In the late 70’s Vivienne Westwood closed her memorable shop Seditioners, previously named Sex, to start her own line and became a front-runner on diversity on the catwalk. Back then, the mainstream image of the Punk movement was spiked hair, pierced skin, and wearing a leather jacket with a few political badges. Yet, as the queen of punk herself said, “Punk’s message is to inspire people to rip rules”.

Presently her partner in work and life, artistic director, Andreas Kronthaler continues that message of living by no rules, addressing the cultural shift of expressing gender fluidity and sexual identity. With the label’s heritage, the Austrian has set to embrace the exiled, presenting his ideas as a mirror of social reality.

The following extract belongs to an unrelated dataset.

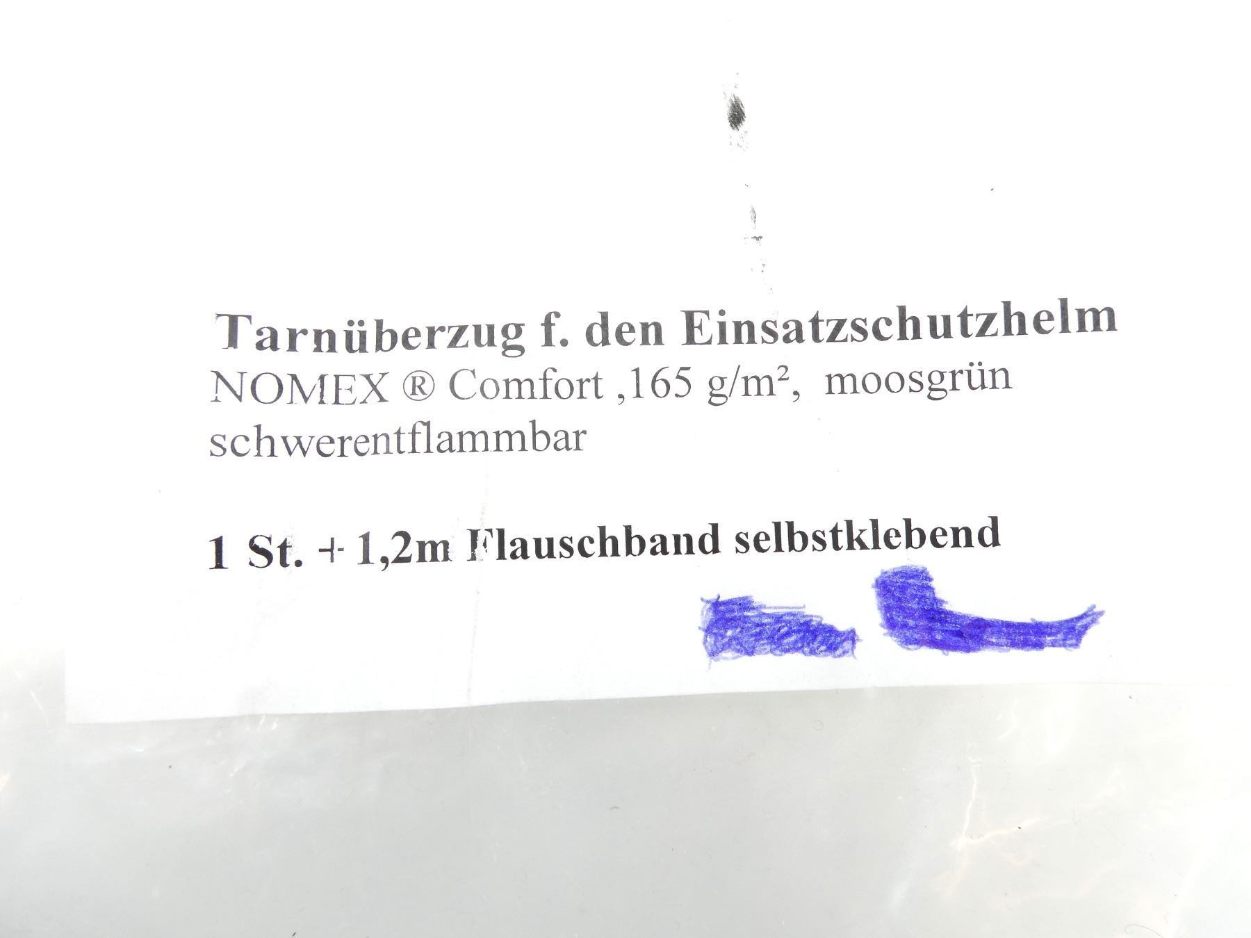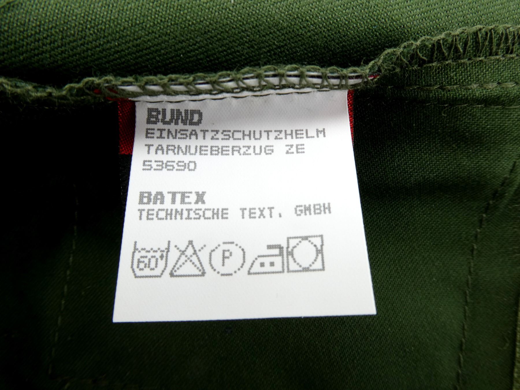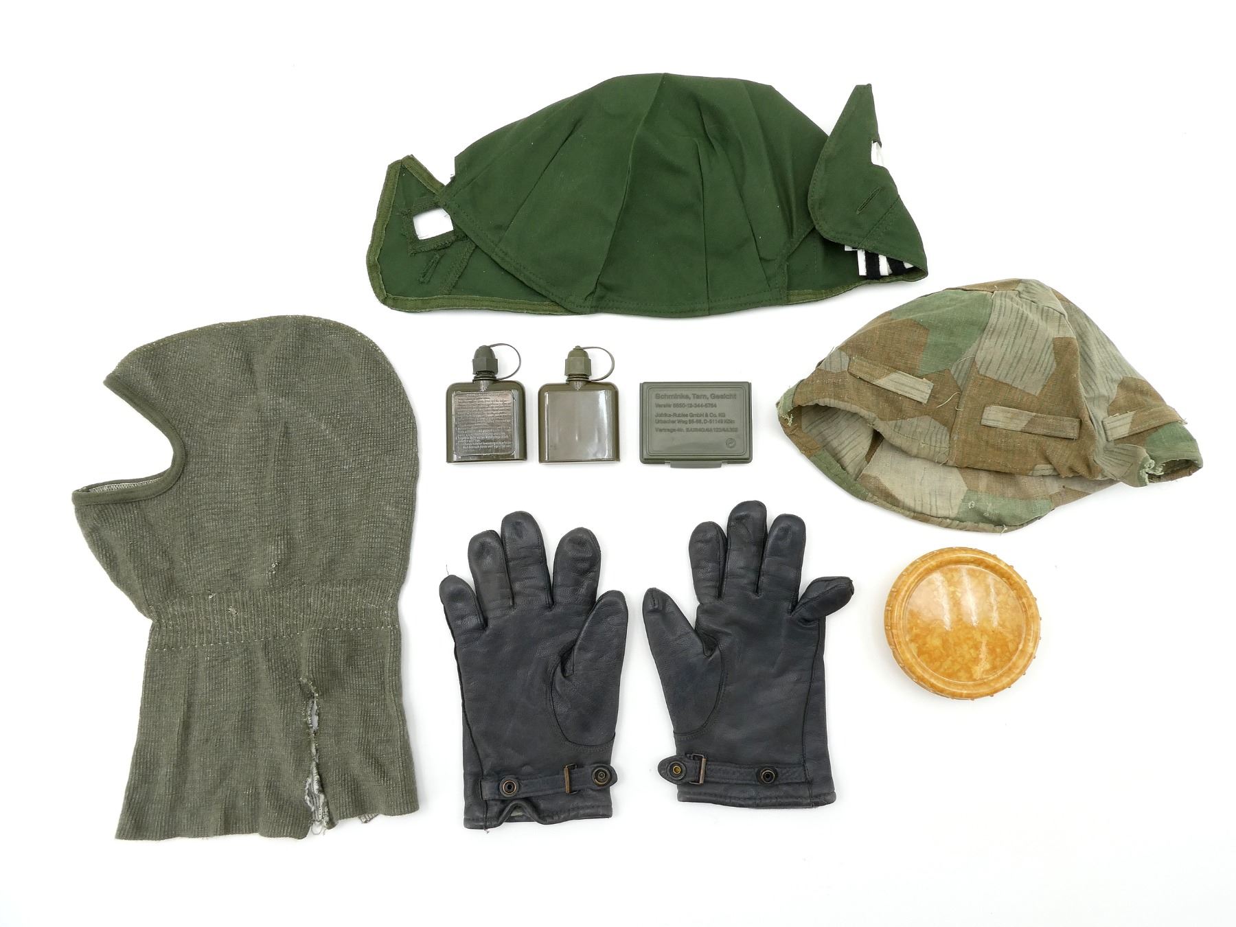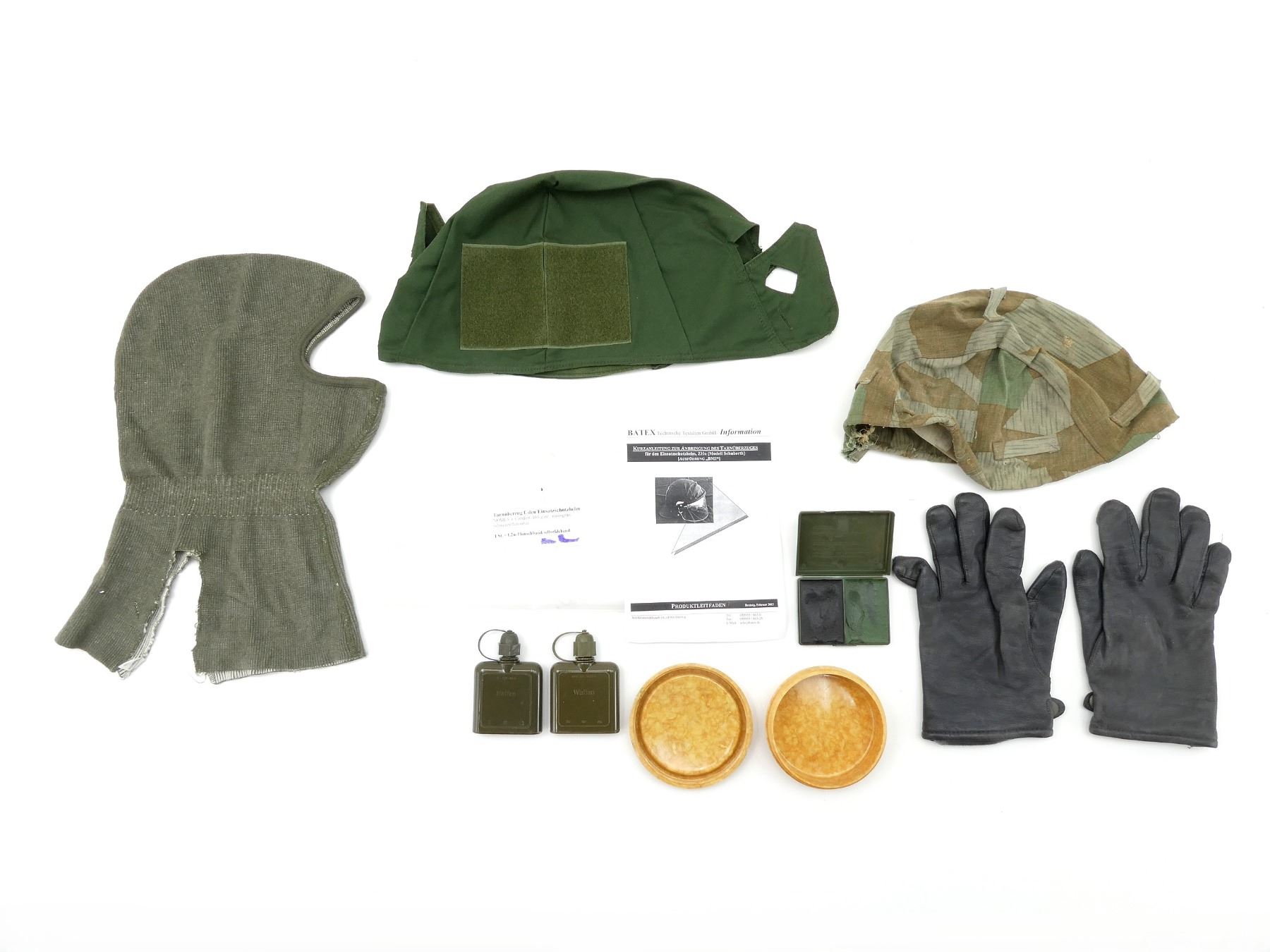 LOT INCLUDES; (1) BUNDESWEHR HEAD WARMER (KOPFHAUBE) WORN UNDER STEEL HELMET, LABEL MARKED: "NITZSCHE, 7/88, H 0107" ETC., SHOWS AGE / WEAR, (1) BUNDESWEHR ENLISTED MAN'S PAIR OF LEATHER GLOVES, GREY, LABEL MARKED: "10 10/02 2708H", WOOL / FELT LINED, SHOWS AGE / WEAR, (1) GREEN COVER FOR THE FLAME-RETARDANT PROTECTIVE HELMET, COMES WITH INSTRUCTIONAL SHEET, LABEL ON COVER MARKED: "BUND, EINSATZSCHUTZHELM, TARNUEBERZUG ZE, 53690, BATEX, TECHNISCHE TEXT, GMBH", "NOMEX", ETC., VELCRO EDGES, COMES WITH STRIP OF VELCRO BACKING, (1) REPRODUCTION GERMAN ARMY CAMO HELMET COVER, NO VISIBLE MARKINGS, SHOWS AGE / WEAR, (1) BUNDESWEHR FAT / BUTTER DISH, TAN PLASTIC CONSTRUCTION, MARKED: "BGS" ON THE BOTTOM, APPROX. 4 3/8" DIA., (2) GREEN PLASTIC RIFLE OILERS, ONE MARKED: "6850-12-120-0815, WAFFEN, STR 1957 P51", OTHER MARKED: "12-120-0815, WAFFEN, PSL, 62" ETC. & (1) FACE PAINT KIT, GREEN PLASTIC CONTAINER, MARKED: "SCHMINKE, TARN, GESICHT, VERSNR 6850-12-344-5764" ETC. SEE PHOTOS.

The Vivienne Westwood label has achieved a very strong identity through the doyenne herself. But what sets Vivienne Westwood apart from any of her contemporary counterparts is that the label doesn’t strive to be a luxury brand, but to show a strong sense of character as their core identity. In the end, my interview with Andreas resulted in talking about women and their allure, his vision of luxury, his take on beauty, and his plans to keep the house ideals alive.

A Models.com interview by contributing beauty editor Pep Gay
Editors / Stephan Moskovic & Irene Ojo-Felix

Camera / James Graley
Video edit / Charlie Graley

Special thanks / Michael Bailey-Gates & GQ Style Magazine, Laura McCuaig and Christopher di Pietro at Vivienne Westwood, Thu Nguyen at CLM, Anna Gibson of Juergen Teller Studio

Pep Gay: What is your first childhood memory relating to fashion?

Andreas Kronthaler: There were so many, it’s a difficult question. When I was little I always noticed the way people move. I think that has something to do with fashion. When you move, the things you wear move with you. I found that fascinating. I think that’s what my earliest memories are about: how what people wear changes how they move. Does that make sense?

PG: It makes total sense, that connection between movement and fashion.

AK: Today I think it’s more important the way you hold yourself, or the way you move through the day or through life. If there’s a certain grace, or a certain confidence, then that makes it all work, so even people who aren’t conventionally beautiful are noticed.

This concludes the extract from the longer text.